*Exercise objective*
Reproduce everything from the line that contains "03、04户型视距更远,达到" down to the line that contains "Gold Wooden Eid" in the listing below, word for word and nothing more. Leave the pictures out.

*Records*
=======
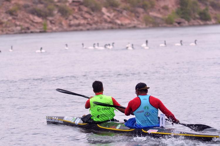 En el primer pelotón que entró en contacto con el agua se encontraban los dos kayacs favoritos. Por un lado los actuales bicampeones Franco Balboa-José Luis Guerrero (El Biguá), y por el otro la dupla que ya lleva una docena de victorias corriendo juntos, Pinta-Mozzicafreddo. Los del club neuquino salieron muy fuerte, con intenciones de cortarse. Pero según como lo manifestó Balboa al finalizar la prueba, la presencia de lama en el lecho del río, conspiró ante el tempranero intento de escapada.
=======
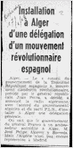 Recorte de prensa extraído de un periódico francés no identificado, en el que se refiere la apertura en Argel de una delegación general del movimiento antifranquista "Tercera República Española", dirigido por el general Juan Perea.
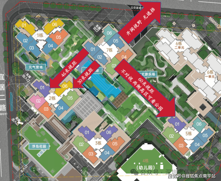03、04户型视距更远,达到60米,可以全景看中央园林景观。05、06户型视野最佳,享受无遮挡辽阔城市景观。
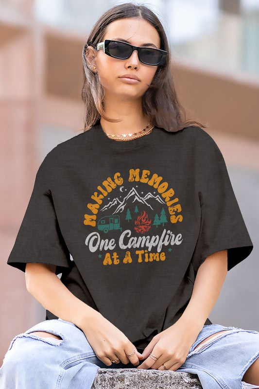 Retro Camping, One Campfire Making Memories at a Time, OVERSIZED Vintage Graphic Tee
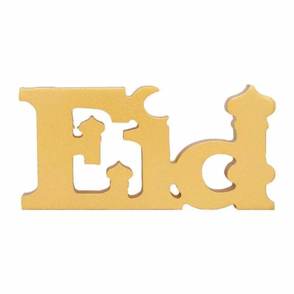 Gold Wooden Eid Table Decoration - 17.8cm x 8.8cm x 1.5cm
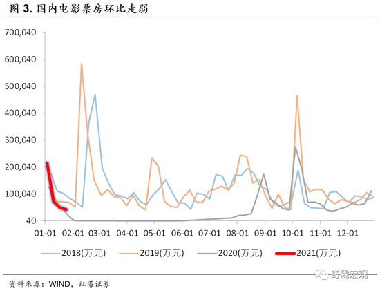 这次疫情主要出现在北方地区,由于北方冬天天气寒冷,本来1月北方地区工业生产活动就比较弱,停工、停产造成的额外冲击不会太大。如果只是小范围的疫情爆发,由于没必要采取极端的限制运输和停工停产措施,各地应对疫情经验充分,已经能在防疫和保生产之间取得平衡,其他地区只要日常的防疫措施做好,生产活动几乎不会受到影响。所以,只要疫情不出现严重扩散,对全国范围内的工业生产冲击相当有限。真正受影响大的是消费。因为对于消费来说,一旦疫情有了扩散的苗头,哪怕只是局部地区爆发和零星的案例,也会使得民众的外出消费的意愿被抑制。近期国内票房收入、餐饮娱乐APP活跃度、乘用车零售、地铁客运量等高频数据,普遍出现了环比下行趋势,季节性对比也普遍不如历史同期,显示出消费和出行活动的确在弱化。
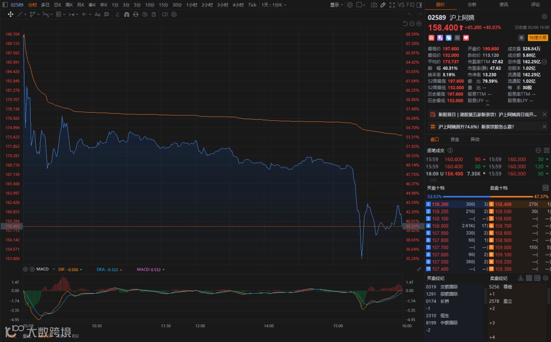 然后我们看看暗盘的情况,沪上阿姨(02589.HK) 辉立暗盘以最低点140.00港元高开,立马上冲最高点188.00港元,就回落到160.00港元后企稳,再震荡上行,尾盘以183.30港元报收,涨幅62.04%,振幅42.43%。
=======
*Answer box*
03、04户型视距更远,达到60米,可以全景看中央园林景观。05、06户型视野最佳,享受无遮挡辽阔城市景观。
 Retro Camping, One Campfire Making Memories at a Time, OVERSIZED Vintage Graphic Tee
 Gold Wooden Eid Table Decoration - 17.8cm x 8.8cm x 1.5cm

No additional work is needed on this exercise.